2

I want to query nodes from a XOM document which contains certain value but case insensitive. Something like this:

doc.query('/root/book[contains(.,"case-insentive-string")]')

But it contains is case sensitive.

  1. I tried to use regexes, but it is only XPATH2.0 and XOM does not seem to support it.
  2. I tried contains(translate(."ABCEDF...","abcdef..."),"case-insentive-string")]' failed too.
  3. I tried to match subnodes and read parent attributes using getParent, but there is no method to read parents attributes.

Any suggestions ?

millebii
  • 1,277
  • 2
  • 17
  • 27

2 Answers2

2

2.I tried contains(translate(."ABCEDF...","abcdef..."),"case-insentive-string")]' failed too.

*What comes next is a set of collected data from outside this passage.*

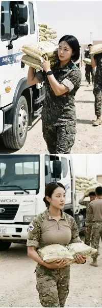 Aiさんが描いた休憩と作業をする韓国の女性兵士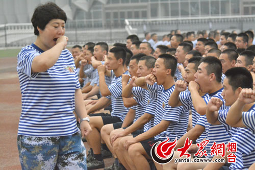 而要唱出抗战精神来,光把声音练好了还不行,同时表情也得到位。”经过一段时间时间的系统训练,队员们的演唱水平突飞猛进,然而他们一副副僵硬的表情,常常令教员们头疼不已。“在一次餐厅就餐时,也忘了是哪位教员了发现咬苹果的口型与合唱口型极为相似,还能很好地解决队员们高音音调不足、口腔腔道不通的问题。于是,咬苹果变成了大家竞相效仿的口型训练法。”随行的航院宣传处干事岳涛告诉大众网记者,受到啃苹果的启发,又开始往口里吞拳头,锻炼打开自己的口腔。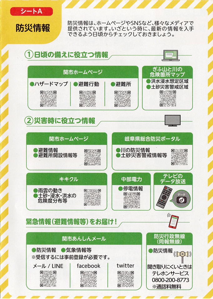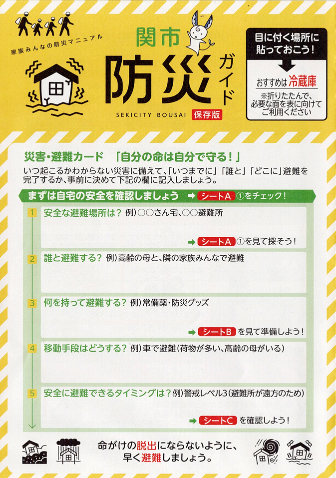 10.関市防災ガイド2024 0.せき防災ポータブル サイト移動ボタン 1.災害・避難カード 2.防災情報 3.非常品持出品&備蓄品 4.避難情報 5.風水被害① 6.風水被害② 7.地震被害① 8.地震被害②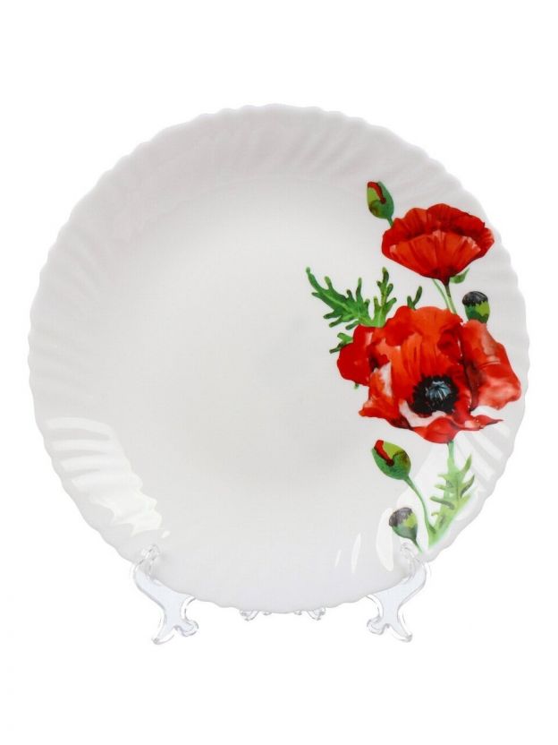 Тарелка обеденная Daniks «Алый мак» 24 см — эффектная стеклокерамика для стильной сервировки, подходит для дома, дачи и подарка. Легко мыть, можно использовать в СВЧ.

The proper way to write this is:

/root/book[contains(translate(., $vUpper, $vLower),
                    translate($vCaseInsentiveString, $vUpper, $vLower)
                    )
          ]

where $vUpper and $vLower are defined as (should be substituted by) the strings:

'ABCDEFGHIJKLMNOPQRSTUVWXYZ'

and

'abcdefghijklmnopqrstuvwxyz'

and $vCaseInsentiveString is defined as (should be substituted by) the specific case-insensitive string.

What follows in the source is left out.